Study finds brains rely on sight to identify a voice

A neuroscience study where participants were asked to identify U.S. presidents has found that to recognize a famous voice, human brains use the same center that lights up when the speaker’s face is presented. The new study, published last week in the Journal of Neurophysiology, suggests that voice and face recognition are linked even more intimately than previously thought. It offers an intriguing possibility that visual and auditory information relevant to identifying someone feeds into a common brain centre, allowing for more robust, well-rounded recognition by integrating separate modes of sensation.

“From behavioral research, we know that people can identify a familiar voice faster and more accurately when they can associate it with the speaker’s face, but we never had a good explanation of why that happens,” said senior author Taylor Abel, M.D., associate professor of neurological surgery at the University of Pittsburgh School of Medicine.

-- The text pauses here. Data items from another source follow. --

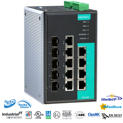 Commutateur industriel full Gigabit manageable, 4 ports 10/100/1000BaseT(X) et 5 ports combo 10/100/1000Base(TX) ou 1000BaseSFP, températures 0 à 60 °C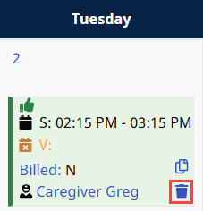 Delete Visit and Schedule: This will unbill the visit, invoice, or batch and delete all visit information, both schedule and confirmation.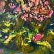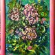 Wrote intuitive way of painting, first with acrylic underpainting, which saw the flowers, then using texture paste created of embossed flowers and leaves. In the third stage I finished painting with oil.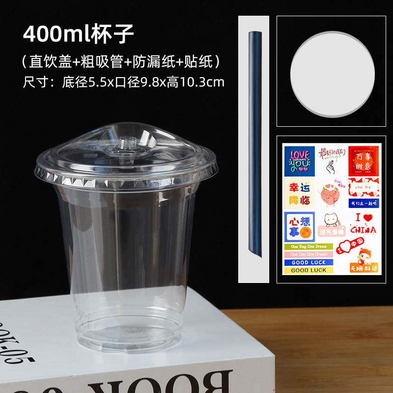 • 14oz PET컵 + 직접 마시는 뚜껑 + 누수방지지 + 스티커 + [가는 빨대]

“In the visual cortex, specifically in the part that typically processes faces, we also see electrical activity in response to famous people’s voices, highlighting how deeply the two systems are interlinked.” Even though the interplay between the auditory and the visual brain processing systems has been widely acknowledged and investigated by various teams of neuroscientists all over the world, those systems were traditionally thought to be structurally and spatially distinct.

Until recently, few studies attempted to directly measure activity from the brain centre—the primary role of which is to consolidate and process visual information—to determine whether this centre is also engaged when participants are exposed to famous voice stimuli.

Researchers at Pitt had a unique opportunity to study that interaction in patients with epilepsy who, as part of their medical care, were temporarily implanted with electrodes measuring brain activity to determine the source of their seizures.